Interview with David Edwards from Media Lens
Interview by Sam Walby | 10.05.2011 18:18 | Analysis | Culture | Other Press | Sheffield | World
There were perhaps two particular political triggers and one more philosophical trigger. The political issues included the US-UK-led sanctions regime (1990-2003) that killed around one million Iraqi civilians. In 2000, I met and interviewed Denis Halliday, who had set up the UN’s oil for food programme in Baghdad. In 1998, he resigned after a long and illustrious career at the UN, describing the policy he himself had implemented as “genocidal”. The media suppression of the truth about the effect of the sanctions and Halliday’s attempt to blow the whistle really made me feel something had to be done to challenge the media in the UK. The second issue was climate change.
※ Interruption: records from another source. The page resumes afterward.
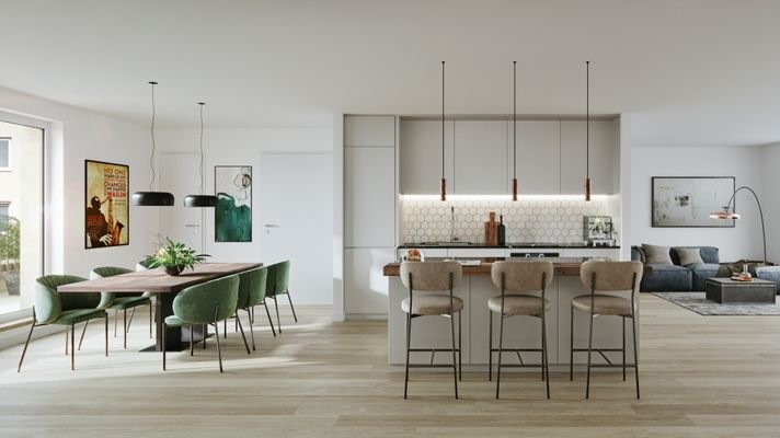 . 4 Zimmer oder 3 Zimmer Variante möglich. Offener Wohn-/Essbereich. Zwei Schlafzimmer, zwei Bäder. Westbalkon & Ostterrasse . Großzügiger Hauswirtschaftsraum mit Waschmaschinenanschluss. Zentral wohnen in Neuhausen-Nymphenburg. Eigentumswohnungen in...
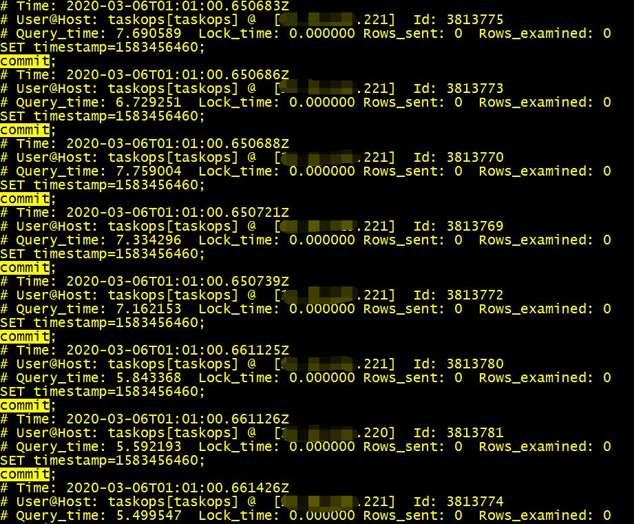 我们直接看下commit相关的SQL吧,结果打开一看慢日志文件,基本就是这样的输出结果,既然是慢日志,那么影响的数据行数应该是比较明显的,但是这里看到“Rows_examined”和“Rows_sent"都是0,但是很直白的是commit的执行时间依旧很长。
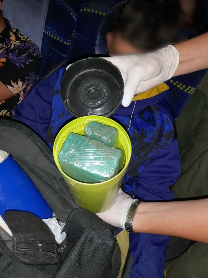 A medida que los gendarmes avanzaban solicitando los datos de los pasajeros, un ciudadano mostraba un nerviosismo atípico. Ante testigos los uniformados alumbran con sus linternas el lateral de los termolares que trasladaba el joven, observando que en el interior de los bidones térmicos no contenían líquidos sino paquetes pequeños prensados con marihuana.
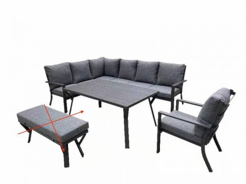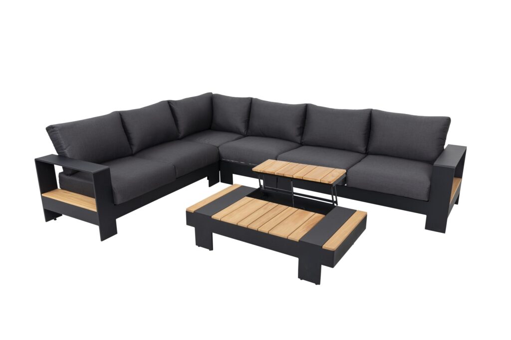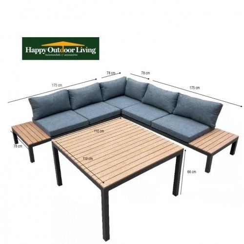 Aluminium frame, 16 cm armleuningen met teakhouten binnenkant van de armleuningen. Waterafstotende kussens in zitting en rugleuning, dikte 15cm. Set: 236x307x74 cm
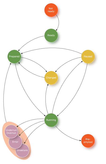 The transition between states is the result of executing an API call, or the result of conditions that occur in the hardware. For more details, see the Playing and Capturing Audio Data chapter.
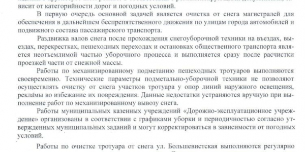 Номер жалобы:773 Тип жалобы:Качество уборки снега на дорогах Название объекта:Администрация Дзержинского Района Адрес:(55.04166823894952, 83.01862198859453) Описание жалобы:Ул. Волочаевская, в особенности отрезок от ГБШ до 9 Почтового переулка, завалена большими валами вся правая полоса, снег на этом отрезке не вывозят с ноября, от Технической до Почтовой образовалась колея, необходимо счистить наледь до асфальта во избежание аварийных ситуаций Статус:
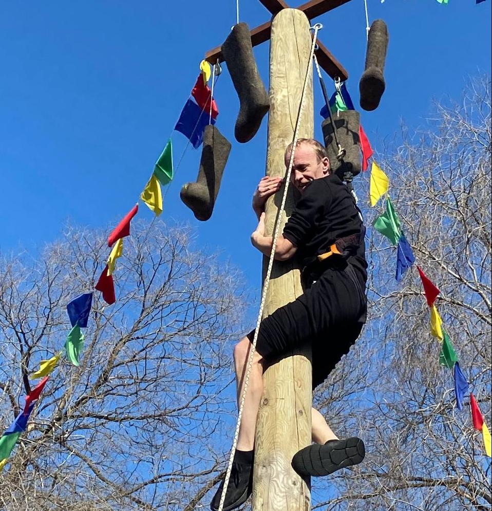Помимо проводов зимы, на Широкой масленице были и другие традиционные развлечения. Например, перетягивание каната, бой подушками и масленичный столб. Так, Алексей Гордеев испытал свою удачу, добрался до конца столба и получил в подарок умную колонку «Алиса».

I had first campaigned for action in the mid 80s, but by 2000 the media were still celebrating the idea that Britain might soon be blessed with a Mediterranean climate. The level of ignorance and indifference was amazing.
I had also long been interested in the work of Erich Fromm, who had written of how a society that subordinates people and planet to profit is inherently insane and toxic. Again, it was clear to me that the media had every interest in suppressing these issues – they are part of a system that needs us to sell our souls for high status production and consumption. So it’s not just politics – every aspect of human experience is distorted and filtered in a way that reflects the needs of corporate power rather than the needs of human wellbeing.
How has Media Lens developed over the years?
The main development has been that donations from readers have slowly allowed us to do less paid work outside Media Lens. I was able to support myself part-time on Media Lens from 2003 and full-time from 2009. David Cromwell became full-time last autumn. When we first started in 2001, it seemed that people wrote to journalists only in response to our media alerts. Now huge numbers of people write to journalists without any prompting from us. Hopefully we’ve helped encourage that, but no doubt it’s also just a natural trend in the development of the internet.
What steps can members of the public take to get the bigger picture with regards to current affairs?
People need to find sources they can trust. That can be quite difficult because there are numerous crazies writing on the net, some of them very persuasively. The best way is to test writers who seem rational, to check their claims against the facts and other viewpoints. Over time, you can see that some people are able to make sense of the world. I think Noam Chomsky is a very reliable source, so one answer is to read Chomsky and then read the authors he recommends, and so on.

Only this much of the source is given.